[Records from a data source]
= = = = = = =

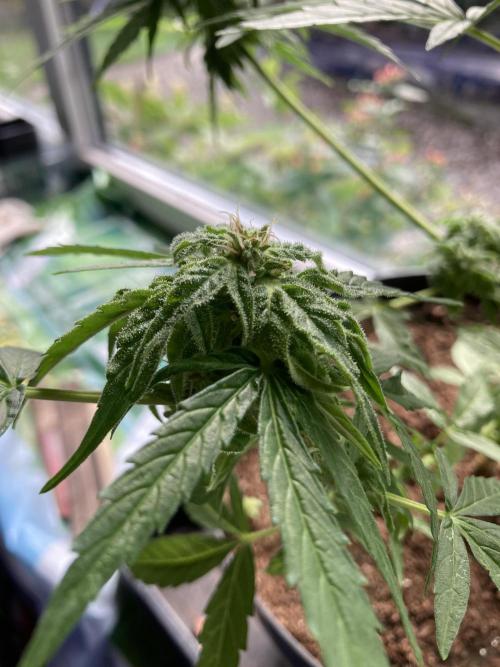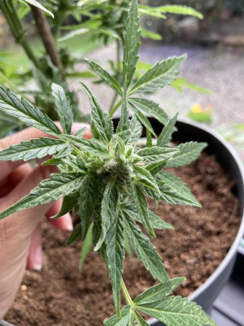 Milky Way F1 has been growing for 63 days now. She doesn’t look really spectacular. The buds are still small. Something has happened to her leaves. I don’t know if its (false) mildew, thrips or sunburn because I sprayed the plant with Cannacure on a sunny day.
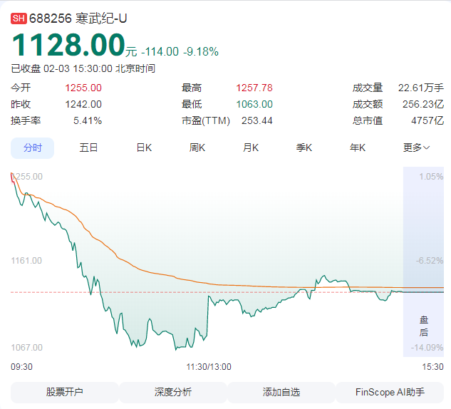 午后,寒武纪股价跌势有所收窄,最终收盘报1128.00元,跌幅定格在9.18%。
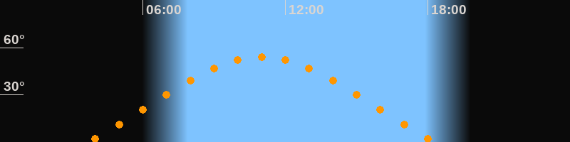 | Höchster Stand (Kulmination) | 11:00 Uhr (h = 54,2°) |
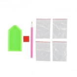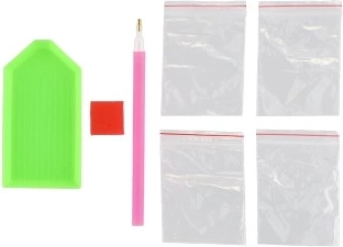 Sada obsahuje všetky potrebné veci na diamantovú maľbu: plátno, aplikačné pero, misku, vosk a farebné kamienky.
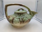 Vintage Art Deco McCoy Pottery Teapot 940s Pinecone & Branch w/Lid AS IS. There are a few condition issues - a couple of small chips on the spout and one small chip on the inside rim. Also there is glaze crazing on most of the teapot and a manufacturer defect - a small glob of green glaze on top of the lid. This would really still make a delightful addition to your teapot collection. All of my items are carefully packed for shipping, no matter their value - $5 items are wrapped with the same care as a $200 item. My goal is to have your purchase arrive safely. I use recycled packaging when possible but mostly use new, high quality products so your item will arrive intact without damage. Large, heavy and fragile items are harder to use combined shipping with but just ask if you would like to purchase more than one item and I am more than happy to do so if feasible. If not, maybe we can work out a shipping discount. Thank you and hopefully you will visit my store again!
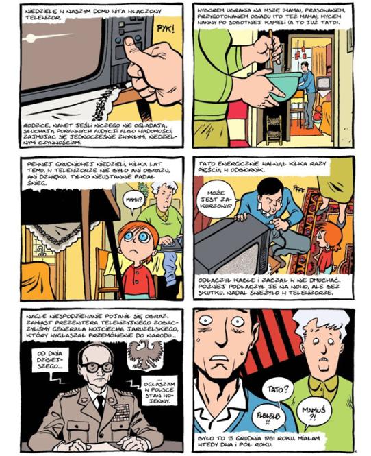 Wpływ „Epileptic” widać właśnie u Satrapi, w jej obrazie dorastania w Iranie. Dziecięce postrzeganie łączy z fantazjami, tak jak to było u Davida B. Jej bohaterka marzy, żeby być prorokinią, ma wizje, choć wychowywała się w świeckiej rodzinie. Historia rodzinna – prześladowany wujek marksista – nakłada się na historię kraju: obalenie reżimu Szacha i zwycięstwo rewolucji islamskiej.
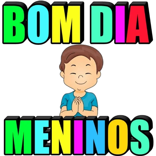 Menino de mãos juntas com olhos fechados e sorriso, vestindo uma camisa azul, com as palavras 'BOM DIA MENINOS' em letras grandes e coloridas.
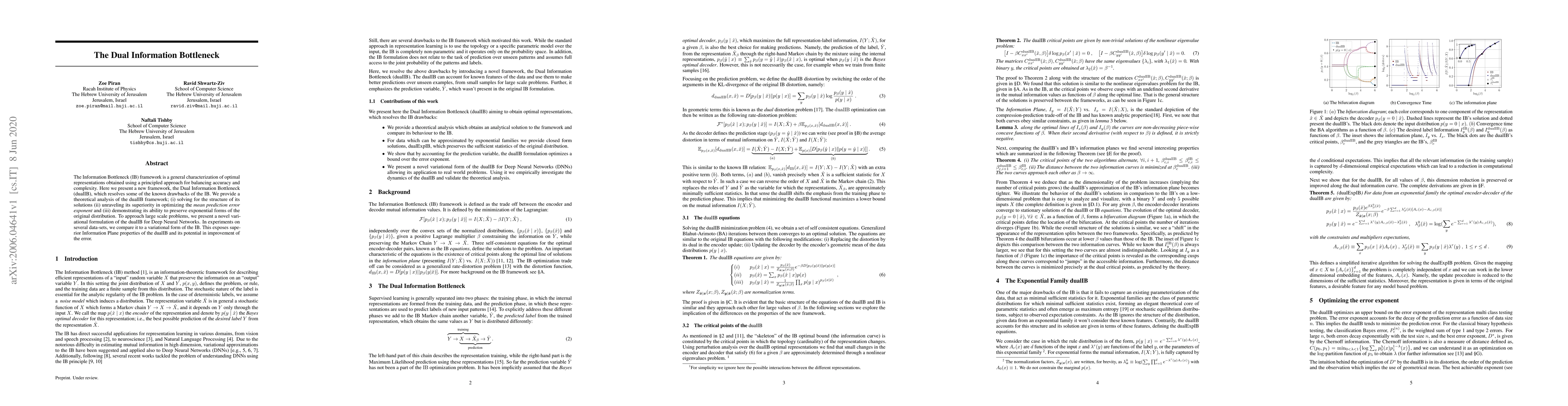The Information Bottleneck (IB) framework is a general characterization of optimal representations obtained using a principled approach for balancing accuracy and complexity. Here we present a new framework, the Dual Information Bottleneck (dualIB), which resolves some of the known drawbacks of the IB. We provide a theoretical analysis of the dualIB framework; (i) solving for the structure of its solutions (ii) unraveling its superiority in optimizing the mean prediction error exponent and (iii) demonstrating its ability to preserve exponential forms of the original distribution. To approach large scale problems, we present a novel variational formulation of the dualIB for Deep Neural Networks. In experiments on several data-sets, we compare it to a variational form of the IB. This exposes superior Information Plane properties of the dualIB and its potential in improvement of the error.
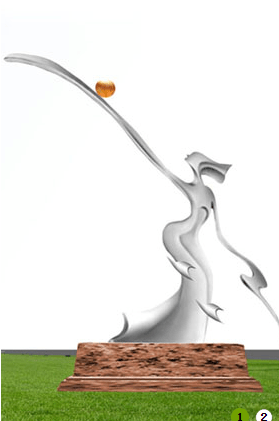 不銹鋼雕塑——紡織女。設計理念:左圖為秀山標志,右圖為抽象造型的紡織姑娘,寓意秀山歡迎你。安裝地點:瀏陽秀山
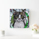 Kattdjur tema ansikte Square Wall Clock för världens kattälskare. "Le Chatta" kan tas bort eller ändras till ditt namn efter behov.
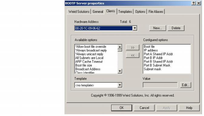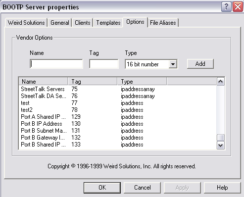 1 Double-click BOOTP Server NT from the Control Panel to display the Weird Solutions BOOTP Server NT dialog box. Select the Options tab.

= = = = = = =

■ Task to complete: Restate the entries above word for word, keeping pictures out of the copy.

■ Written solution:
 Milky Way F1 has been growing for 63 days now. She doesn’t look really spectacular. The buds are still small. Something has happened to her leaves. I don’t know if its (false) mildew, thrips or sunburn because I sprayed the plant with Cannacure on a sunny day.
 午后,寒武纪股价跌势有所收窄,最终收盘报1128.00元,跌幅定格在9.18%。
 | Höchster Stand (Kulmination) | 11:00 Uhr (h = 54,2°) |
 Sada obsahuje všetky potrebné veci na diamantovú maľbu: plátno, aplikačné pero, misku, vosk a farebné kamienky.
 Vintage Art Deco McCoy Pottery Teapot 940s Pinecone & Branch w/Lid AS IS. There are a few condition issues - a couple of small chips on the spout and one small chip on the inside rim. Also there is glaze crazing on most of the teapot and a manufacturer defect - a small glob of green glaze on top of the lid. This would really still make a delightful addition to your teapot collection. All of my items are carefully packed for shipping, no matter their value - $5 items are wrapped with the same care as a $200 item. My goal is to have your purchase arrive safely. I use recycled packaging when possible but mostly use new, high quality products so your item will arrive intact without damage. Large, heavy and fragile items are harder to use combined shipping with but just ask if you would like to purchase more than one item and I am more than happy to do so if feasible. If not, maybe we can work out a shipping discount. Thank you and hopefully you will visit my store again!
 Wpływ „Epileptic” widać właśnie u Satrapi, w jej obrazie dorastania w Iranie. Dziecięce postrzeganie łączy z fantazjami, tak jak to było u Davida B. Jej bohaterka marzy, żeby być prorokinią, ma wizje, choć wychowywała się w świeckiej rodzinie. Historia rodzinna – prześladowany wujek marksista – nakłada się na historię kraju: obalenie reżimu Szacha i zwycięstwo rewolucji islamskiej.
 Menino de mãos juntas com olhos fechados e sorriso, vestindo uma camisa azul, com as palavras 'BOM DIA MENINOS' em letras grandes e coloridas.
The Information Bottleneck (IB) framework is a general characterization of optimal representations obtained using a principled approach for balancing accuracy and complexity. Here we present a new framework, the Dual Information Bottleneck (dualIB), which resolves some of the known drawbacks of the IB. We provide a theoretical analysis of the dualIB framework; (i) solving for the structure of its solutions (ii) unraveling its superiority in optimizing the mean prediction error exponent and (iii) demonstrating its ability to preserve exponential forms of the original distribution. To approach large scale problems, we present a novel variational formulation of the dualIB for Deep Neural Networks. In experiments on several data-sets, we compare it to a variational form of the IB. This exposes superior Information Plane properties of the dualIB and its potential in improvement of the error.
 不銹鋼雕塑——紡織女。設計理念:左圖為秀山標志,右圖為抽象造型的紡織姑娘,寓意秀山歡迎你。安裝地點:瀏陽秀山
 Kattdjur tema ansikte Square Wall Clock för världens kattälskare. "Le Chatta" kan tas bort eller ändras till ditt namn efter behov.
 1 Double-click BOOTP Server NT from the Control Panel to display the Weird Solutions BOOTP Server NT dialog box. Select the Options tab.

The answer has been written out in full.